The UK is still reeling from the effects of Covid-19, the virus that has outfoxed and baffled the best international scientific minds and I am sure that the ramifications of both the disease and lockdown will be an on-going challenge for the foreseeable future. We have to acknowledge that pathogens will not go away, in fact viruses and bacteria are becoming stronger and more resilient to scientific intervention. I believe the reason for this is two-fold: the powerful survival instinct that is deeply embedded in all of nature, gives pathogens the ability to mutate rapidly when they are under threat; and our immune systems have become weakened by modern day lifestyles - pollutants, pharmaceuticals, poor nutrition, and stress to name but a few, all of which makes us vulnerable to disease.


So the challenge we now face is to consider how best to help our bodies deal with the effects and symptoms of disease, as well as supporting and regenerating our immune systems - indeed all the systems of the body. Whilst in the past we have focused on strengthening the immune system, Covid-19 has introduced another dimension to consider: this disease over stimulates the immune system where it attacks the tissue of the lungs. The objective, therefore, is not to stimulate the immune system; it is to support it in a balanced way so as not to prompt an inflammatory response.


It is therefore glaringly obvious to me that we need to find tools to support all aspects of physical health and emotional wellbeing in an integrated way, with the emphasis most definitely on prevention. Unlike pharmaceuticals that target the disease or the symptoms, natural therapies when practiced professionally, are well placed to support, regenerate and balance all the systems of the body, including emotional wellness, at the same time as directly addressing symptoms. This is a perfect strategy to maintain the health of the population, which in my opinion cannot be achieved with pharmaceuticals alone.  


I designed Alchemical Transformation Programmes™ to incorporate specific natural remedies that have been produced alchemically, into a system that embraces and integrates all levels of health - physical, mental, emotional and spiritual. Clinical Aromatherapy is one of the therapies I use in my practice. However, unlike other more enlightened countries in Europe, there is a shortage of professional information and knowledge available to the general public in the UK that expresses the true therapeutic benefits of essential oils. The emphasis has veered towards fragrance rather than therapeutic. In the last ten years aromatherapy has become more associated with beauty and pampering treatments or products with which to fragrance your home. I am a practitioner of natural therapies with nearly 40 years experience, and I feel that I now need to debunk some myths that have evolved over the decades, to set the record straight, and put Clinical Aromatherapy back onto the professional platform it deserves. 

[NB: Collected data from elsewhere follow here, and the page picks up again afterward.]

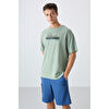 TommyLife Lacivert Pamuklu Kalın Yumuşak Dokulu Oversize Fit Baskılı Erkek T-Shirt - 88334
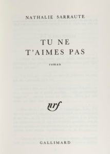 Nathalie SARRAUTE. Tu ne t'aimes pas. Paris, NRF, 1989. In-8, broché. Lh., 553 /// 216-(1f.). Édition originale. Un des 60 exemplaires sur vélin de Rives (n° 24), seul grand papier. On joint : Robert PINGET. L'Ennemi. Paris, Éditions de Minuit,...
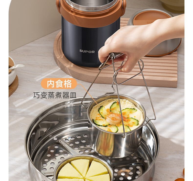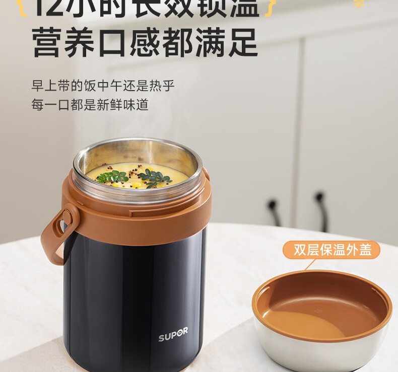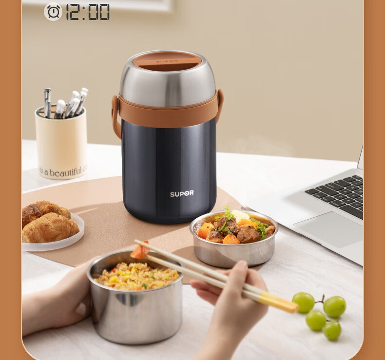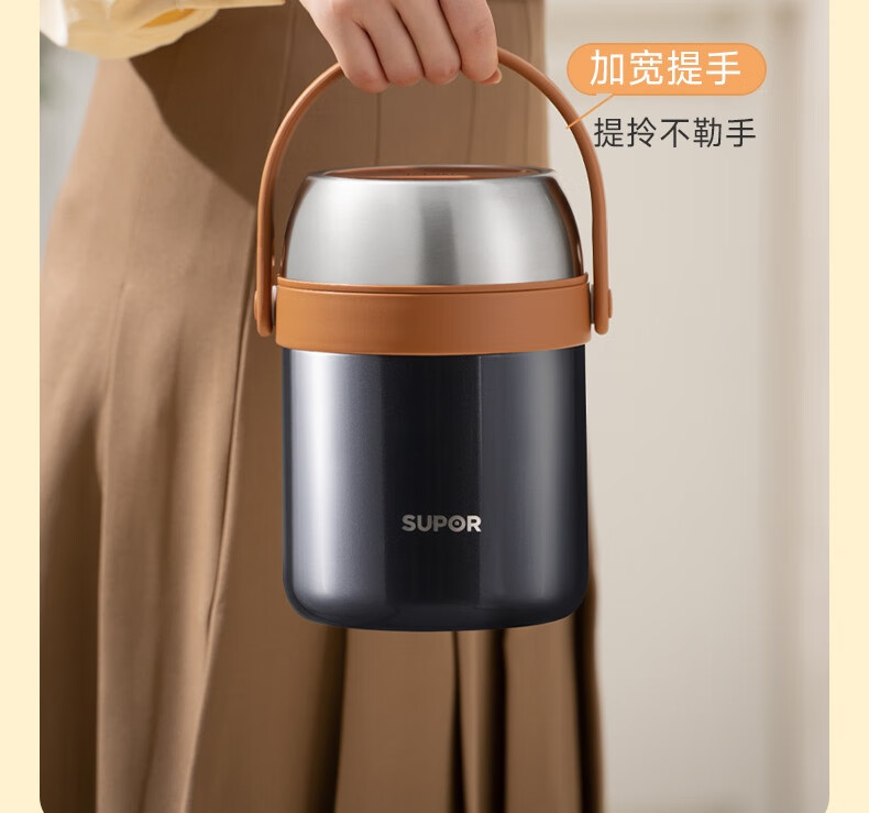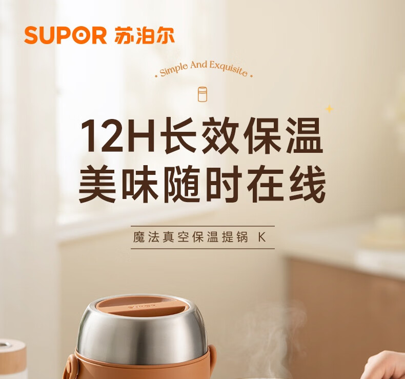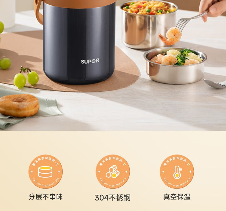 (巨邦佑)BJ+苏泊尔(SUPOR)魔法真空保温提锅 2L KFV20AD10 直型防溢304不锈钢三层饭盒保温桶
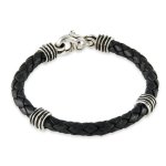 > Sterling Silver wave design black leather 9" bracelet by Zina.

In the 80s and 90s, Clinical Aromatherapy was accepted by the UK medical profession: the International Federation of Aromatherapists pioneered the use of essential oils within the NHS; I worked with oncologists at the Mount Vernon Cancer unit - the first cancer unit to incorporate Clinical Aromatherapy in the country, and I pioneered a project with social workers, using Clinical Aromatherapy to raise the self-esteem of young mothers from deprived backgrounds. In those early days when professional aromatherapists interacted with the medical profession or the media, we spoke with a unified professional voice. Unfortunately, that is not the case today where there are many voices contributing to the aromatherapy conversation but not all of them are knowledgeable. In the last twenty years a great deal of knowledge and wisdom about the benefits of Clinical Aromatherapy has been either ignored, misconstrued or lost and I believe there are several reasons for this: 


The first factor is education. Initially the only courses available were conducted by the first generation of teachers who, not only had a solid background in natural therapies, they were trained according to the original French system of Clinical Aromatherapy. But as aromatherapy increased in popularity, the number of training courses mushroomed birthing a new brand of aromatherapy which lacked sufficient content to produce professional Clinical Aromatherapists.

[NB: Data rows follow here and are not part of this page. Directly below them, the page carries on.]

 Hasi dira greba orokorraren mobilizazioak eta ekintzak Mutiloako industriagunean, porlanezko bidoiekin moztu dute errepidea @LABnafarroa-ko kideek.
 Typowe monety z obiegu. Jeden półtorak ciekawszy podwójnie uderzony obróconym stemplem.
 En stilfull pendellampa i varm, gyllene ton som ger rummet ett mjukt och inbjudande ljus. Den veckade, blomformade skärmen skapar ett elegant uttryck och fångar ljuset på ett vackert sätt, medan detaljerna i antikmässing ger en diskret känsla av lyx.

The second factor is the media. The media coverage on aromatherapy increased with its popularity and many column inches were devoted to the benefits of essential oils. Unfortunately, the information that was referenced was not always from an unbiased professional source, sometimes coming from the PR department of a commercial brand rather than from a professional organisation. This resulted in articles promoting the use of a shopping list of essential oils to treat various conditions and symptoms, ranging from acne to cancer. There was scant information on the many contra-indications (situations and conditions where the use of specific oils can be dangerous). Essential oils, whilst natural, are composed of organic chemicals that can still be dangerous if used without knowledge. There are specific conditions where you must never use essential oils or they must only be used in an extremely diluted blend i.e. babies, children, pregnancy, the elderly and the emotionally vulnerable.


The third factor is the emergence of multi-level marketing companies. In an effort to increase sales, these organisations make exaggerated claims, for example stating that specific oils cure Covid-19, which is misleading - these claims are currently under investigation by the FDA. They also recommend practices that are inappropriate or extremely dangerous, i.e. using neat essential oils directly on the skin, and their endorsement of putting neat essential oils in water to drink - probably the most dangerous of their recommendations that should never be followed. Essential oils do not disperse in water, which means their molecules sit on top of the water when they are ingested in that form, and they can burn the tissue of the mouth, throat and oesophagus in addition to being toxic to the liver or nervous system.


The final factor is the impressive amount of commercial 'aromatherapy products' available today. Some of these products, for example candles, room fresheners, bath products and cosmetics, do not always contain genuine therapeutic grade essential oils, they are sometimes replaced or combined with synthetic fragrances. Synthetic fragrances, whilst they produce a scent, cannot be therapeutic.


For those of you who are new to the world of Natural Medicine I outline below, the main features of Clinical Aromatherapy.


WHAT ARE ESSENTIAL OILS?

Essential oils are the concentrated therapeutic essences of plants. The chemical composition of the oil provides both its aroma and therapeutic qualities. They are not extracted from the whole plant but from different parts of the plant i.e. flower, seed, bark, leaf, and root. There are approximately 800,000 known plants on the planet and only 10% are suitable for essential oil extraction.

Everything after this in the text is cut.